(Data excerpt):
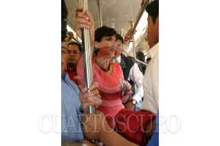 MÈXICO, D.F. 06FEBRERO2006.- Patricia Mercado, candidata del Partido Alternativa Socialdemocrata y Campesina durante su recorrido por el Sistema de transporte colectivo Metro. FOTO.Miriam Sànchez/CUARTOSCURO.COM
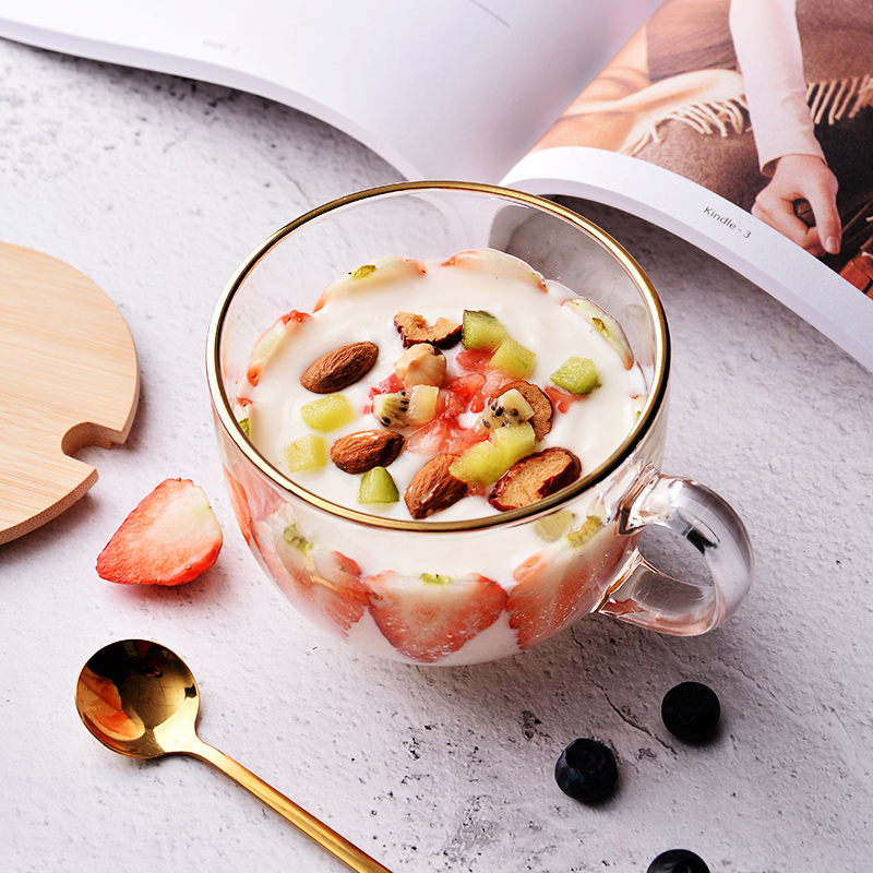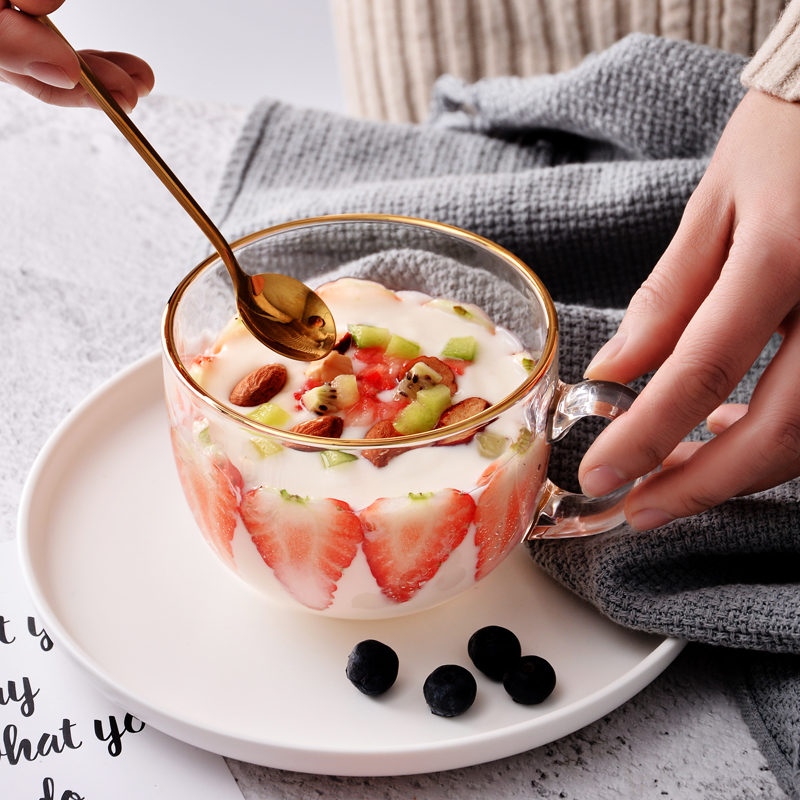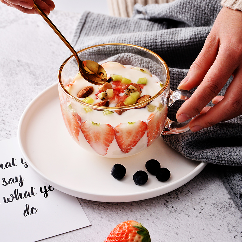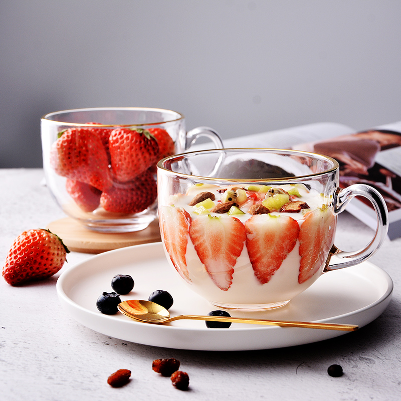 Large Capacity Phnom Penh Breakfast Cup Glass Mark Cup Oats Cup Home With Lid Spoon Can Microwave Milk Cereal Bowl
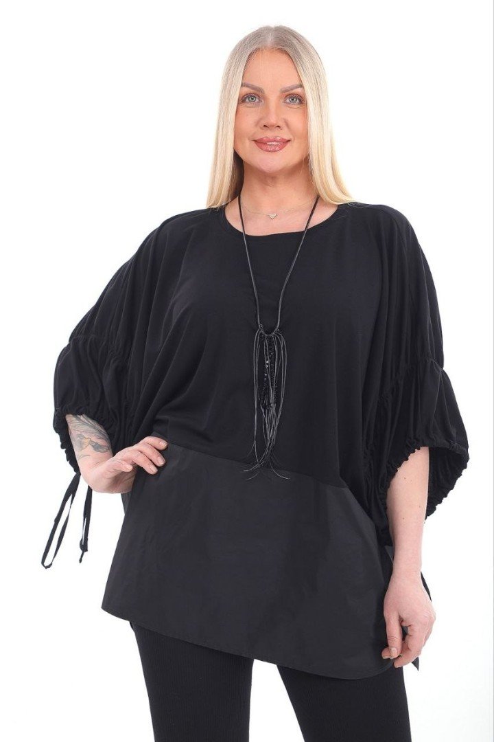 Bluză largă pentru femei cu mânecă 3/4. Ținută lejeră, cu fundul lat. Ideal pentru femeile cu forme luxuriante.

(Exercise requirements):
Leaving the pictures aside, repeat the data above exactly.

(Exercise output):
 MÈXICO, D.F. 06FEBRERO2006.- Patricia Mercado, candidata del Partido Alternativa Socialdemocrata y Campesina durante su recorrido por el Sistema de transporte colectivo Metro. FOTO.Miriam Sànchez/CUARTOSCURO.COM
 Large Capacity Phnom Penh Breakfast Cup Glass Mark Cup Oats Cup Home With Lid Spoon Can Microwave Milk Cereal Bowl
 Bluză largă pentru femei cu mânecă 3/4. Ținută lejeră, cu fundul lat. Ideal pentru femeile cu forme luxuriante.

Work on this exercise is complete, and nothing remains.